- Kennedyville
- Addie Camp Location of Addie Camp in South Dakota.
- Coordinates: 43°55′23″N 103°31′27″W﻿ / ﻿43.9230423°N 103.5240808°W
- Country: United States of America
- State: South Dakota
- County: Pennington County
- Settled: c. 1892
- Abandoned: c. 1917
- Named for: the nearby Addie Mine; saloon and boarding house owner Tom Kennedy
- Elevation: 4,892 ft (1,491 m)
- Time zone: UTC-7 (MST)
- • Summer (DST): UTC-6 (MDT)

= Addie Camp, South Dakota =

Ghost town in South Dakota, United States

Addie Camp, also known as Kennedyville, Addie Spur, or Canadaville, (Note: "Canadaville" appears only on USGS maps. There is no evidence that the settlement was ever known as such.) is a ghost town located in Pennington County, South Dakota, United States. It was a mining camp in the Black Hills that was active from the early 1880s until the 1910s.

==Naming==
Addie Camp was named by the miners of the nearby Addie Mine. The later name "Kennedyville" came from the owner of the boarding house and saloon, Tom Kennedy. "Canadaville" is probably a corruption of "Kennedyville."

==History==
Addie Camp was settled by the miners of the nearby Addie Mine, which was run under the England-based Harney Peak Tin Mining, Milling, and Manufacturing Company.

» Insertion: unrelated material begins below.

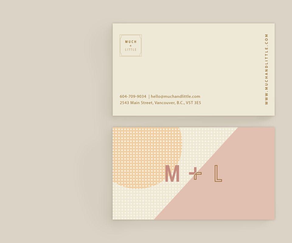 For the M&L business cards, we used minimal shapes and the M&L brand colours to highlight the concept of "Much" and "Little". The "Much" side is depicted by fun patterns, while the "Little" side is a simple solid tone.
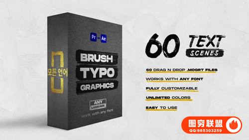 图穷联 » [PR预设]60个可拖放水墨笔刷画笔呼出文字标题动画Mogrt预设 Brush Titles

The company mainly produced cassiterite from the Keystone-Hill City area. Another mine in the town, The Good Luck Mine, mined tungsten. In December 1892, the Grand Island & Wyoming Central Railroad built a line running from the town to the tin mill east of Hill City. The mine never became successful, despite shaft and drift mining down to 800 feet. On February 25, 1900, the railroad extended to Keystone, causing the town to grow again. The town included a boarding house, saloon, platform station, and commissary car for railroaders. The town declined when, in June 1917, the railroad leading into the town was removed. This turned Addie Camp into a small farming community; however, some tungsten mining resumed during World Wars I and II.

==Geography==
The former site of the town is in Pennington County and is located 2.7 mi east of Hill City. County Road 323 runs past the site. The elevation is 4,892 ft above sea level.

There are only a few ruined houses remaining, which are located on the north side of the former railroad tracks and along an old gravel road.